And with that, I was ready for the big test. I let P7 run the test suite for a half million cycles, and then the simulation generated the following summary output:
Code:
(FOR EXPLANATION OF THE FIGURES SEE DISCUSSION BELOW)
------------ Run Stats ------------
Cycles: 500000
NMOS Cycles: 1424511
- - - - - - - - - - - - - - - - - -
Instructions: 462936 (93%) <-- (JSR and RTS are counted as one instruction each)
Data Stalls 1641 (0%)
Control Stalls: 1104 (0%)
Delay Slots: 13831 (3%)
Generated: 12849 (3%)
Cache Busy: 7640 (2%)
Total: 500000 (100%)
- - - - - - - - - - - - - - - - - -
Data Fwd: 131477 (26%)
Operand Fwd: 3755 (1%)
- - - - - - - - - - - - - - - - - -
Branches: 76460 (17%)
Taken: 4993 (7%)
btb Hit: 4571 (6%)
Mispredictions: 276 (0%)
- - - - - - - - - - - - - - - - - -
bCache Access: 2 (0%)
----------- Performance -----------
CPI: 1.08
NMOS CPI: 3.08
Boost Factor: 2.9x
There’s a lot of information here, but the key takeaway is the performance summary at the bottom. P7 averaged
1.08 CPI during the run!
Honestly, I was not expecting such a good result. We shall see how performance holds up under varying workloads. For now I’m quite happy to report a
2.9x performance boost over the NMOS equivalent CPI for this run. Fantastic!
Some other interesting things to highlight in the numbers above:
- On the whole, the pipeline manages to resolve interdependencies between instructions very successfully, and very few Data Stalls were triggered on this run.
- Control Stalls too are very few, which suggests the branch logic manages pretty well despite a 7-cycle branch mis-prediction penalty. (Branches are resolved in the final WB pipeline stage, so a branch mis-prediction requires that all pipeline stages be flushed and reloaded).

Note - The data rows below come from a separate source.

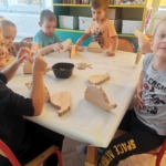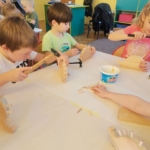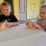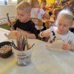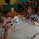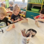 Listopad przepełniony był atrakcjami i aktywnościami, ale udało się go wspólnymi siłami udźwignąć 🙂 Podczas Dnia Postaci z Bajek (4.11) był czas na zabawę, tańce i swawole, by z kolei dnia 10.11 już z pełną powagą uczcić Narodowe Święto Niepodległości. W połowie listopada odbyły się warsztaty garncarskie, na których dzieci miały okazję poczuć w dłoniach prawdziwą, surową glinę – taką, która potem wymaga wypalenia w specjalnym piecu. Przedszkolaki tworzyły swoje małe dzieła korzystając z własnej wyobraźni i pracy rąk, pod czujnym okiem Pani artystki. Ozdoby wrócą do właścicieli po wypaleniu w ok. 1000 stopni Celsjusza :-).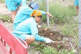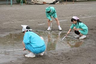 校庭の石拾い。石は、転んだとき思わぬケガの原因になります。
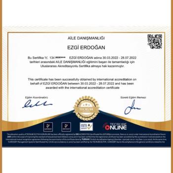 Merhabalar, ben Uzm. Aile ve Evlilik Danışmanı Ezgi ERDOĞAN. İstanbul Üniversitesi Sosyoloji Lisans bölümü mezunuyum.MEB onaylı Aile ve Evlilik Danışmanlığı alanında eğitimimi tamamladım. Uzmanlık alanlarım ve çalıştığım konular şunlardır; Bireysel Danışmanlık, Aile Danışmanlığı, Çift Terapisi, Evlilik Öncesi Danışmanlık, Çocuk ve Ergen Danışmanlığı Alanında Hizmet vermekteyim. Yetkinlikler: Aile Değerlendirme Ölçeği, Çözüm Odaklı Terapi, Kriz, Travma ve Yas Danışmanlığı, Yetişkinlerde İlk Görüşme Teknikleri, Oyun Terapisi, Yaşam Koçluğu, Öğretici-Eğitim Koçluğu anlanlarında eğitim aldım belgelerim bulunmaktadır.

- 3% of cycles are Delay Slots — a direct branch (or jump) will incur a single delay slot penalty. Indirect jumps trigger two delay slots. No attempt is made to fill the slots, so in fact they are full-fledged stalls. Conditional branches and direct jumps that have been seen at least once in the instruction stream do not incur a delay slot penalty; they are managed by the Branch Target Buffer. For various reasons, we don’t use the btb for indirect jumps.
- Relatively few Cache Busy stalls are generated (about 2% of cycles), which suggests that single-entry cache write buffers are more than adequate in this case. There are usually plenty of idle cycles available to complete writes in a timely manner. Even so, this aspect of pipeline performance may be further improved. Running the simulation with dual port RAMs enabled produced a CPI of 1.06, as all Cache Busy stalls are eliminated. That's a significant improvement that is well worth considering, particularly if full caching is implemented and the inevitable cache misses begin to tax performance (although the locality of the working-set of most 6502 code is probably good enough so that cache miss rates may be very low. Anyway, the right tradeoffs should become clear with further experimentation).
- About 3% of cycles are additional cycles Generated by JSR and RTS instructions during their translation to multiple pipeline operations. This seems like a very reasonable tradeoff. With it, we avoid undue complication in the pipeline, and pay a relatively modest performance penalty.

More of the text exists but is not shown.